◆ **EXERCISE OBJECTIVE**:
The lines to extract begin at the line that contains "This elote inspired" and run through the last line of the listing; reproduce them exactly, minus any pictures.

◆ **MATERIAL PROVIDED**:
= = =

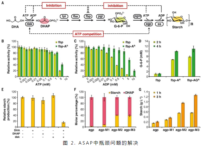 在建立ASAP 1.0之后,研究团队试图通过解决潜在的瓶颈来优化这条途径。首先,由于其低动力学活性,酶fls在ASAP 1.0中占总蛋白质剂量的约86%,以维持代谢通量并将有毒甲醛保持在非常低的水平。定向进化增加了fls催化活性,产生了变体fls-M3,其活性提高了4.7倍。图2B-D表明变体fbp-AR在AMP变构位点包含两个突变,可减轻ADP抑制并显着改善DHA的G-6-P产生。三种核苷酸对fbp和fbp-AR的抑制模式分析表明ATP或ADP是系统抑制的决定因素。通过将fbp-AR与报道的对G-6-P具有抗性的变体整合,组合变体fbp-AGR实现了进一步的改进。考虑到dak和ADP-葡萄糖焦磷酸化酶(agp)之间的ATP竞争,因为底物DHA及其激酶dak的增加导致前4小时内淀粉产量异常降低(图2A)。作者证实DHA和dak的共存通过Cnb严重抑制了淀粉合成(图2E)并输出DHA磷酸盐(DHAP)作为淀粉的主要产物(图2F,第一列),这证实了dak竞争性地消耗了大部分ATP。作者没有减少dak的用量,而是尝试增强agp的能力。根据报道的氨基酸置换,并且这些变体显示出与dak的增强竞争(图2F)。最好的变体agp-M3成功地将DHA的淀粉合成增加了大约六倍(图2G)。通过使用这三种工程酶(fls-M3、fbp-AGR和agp-M3),研究团队构建了ASAP 2.0,它在10小时内从20 mM甲醇中产生了约230 mgl-1直链淀粉。与ASAP 1.0相比,ASAP 2.0的淀粉生产率提高了7.6倍。
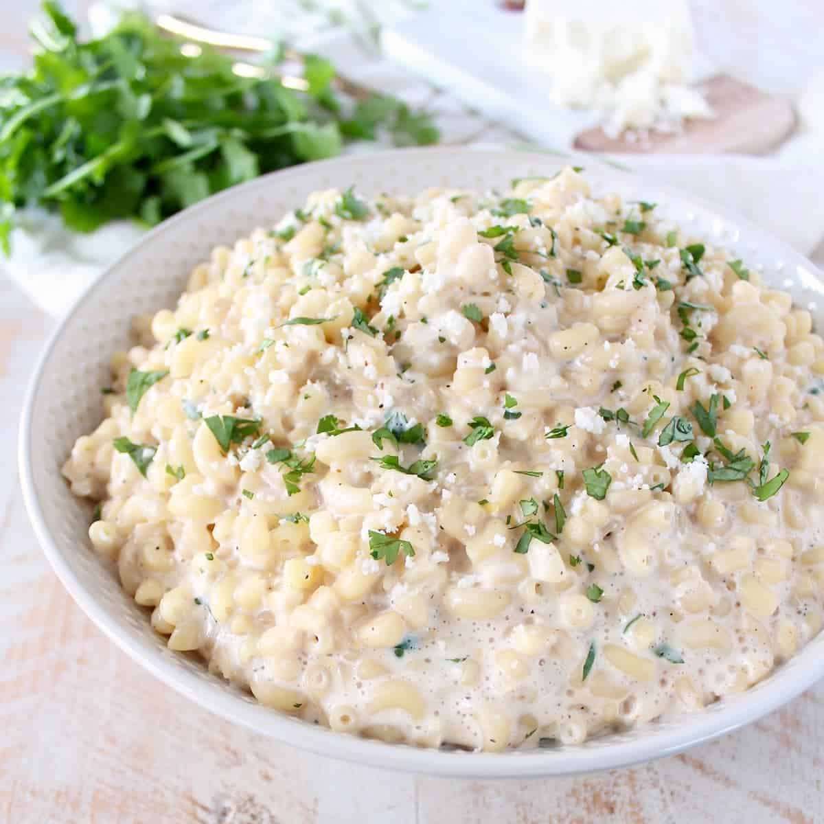 This elote inspired Mexican Street Corn Mac and Cheese recipe is easy to make in just 20 minutes! Serve it up in a big bowl for a creamy, cheesy meal, or as a tasty side dish with fajitas or tacos!
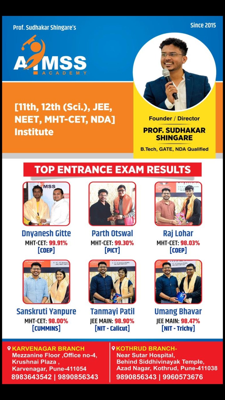 Admissions are now open for the 12th Science batch at AIMSS Academy. Our program is designed to provide complete preparation for HSC Board Exams along with competitive exams like MHT-CET, JEE, and NEET.
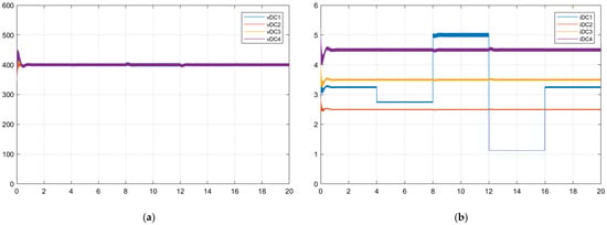 The results for the case A (when grid voltage is 1250 V) show that the operation strategy works in a right way controlling the output DC voltage in the PEBs to follow the established reference of 400 V (Figure 8a) and supplying the current to the loads corresponding to the given output power (Figure 8b). In Figure 8c grid voltage and current voltage are shown being possible to see how the grid current amplitude is adjusted according to the output power conditions. Figure 8d validates that only the direct current component is changing according to the output power, and that the quadrature components is cero in steady conditions as established in this operation mode, achieving the desired GUPF goal.

= = =

◆ **EXERCISE ANSWER**:
 This elote inspired Mexican Street Corn Mac and Cheese recipe is easy to make in just 20 minutes! Serve it up in a big bowl for a creamy, cheesy meal, or as a tasty side dish with fajitas or tacos!
 Admissions are now open for the 12th Science batch at AIMSS Academy. Our program is designed to provide complete preparation for HSC Board Exams along with competitive exams like MHT-CET, JEE, and NEET.
 The results for the case A (when grid voltage is 1250 V) show that the operation strategy works in a right way controlling the output DC voltage in the PEBs to follow the established reference of 400 V (Figure 8a) and supplying the current to the loads corresponding to the given output power (Figure 8b). In Figure 8c grid voltage and current voltage are shown being possible to see how the grid current amplitude is adjusted according to the output power conditions. Figure 8d validates that only the direct current component is changing according to the output power, and that the quadrature components is cero in steady conditions as established in this operation mode, achieving the desired GUPF goal.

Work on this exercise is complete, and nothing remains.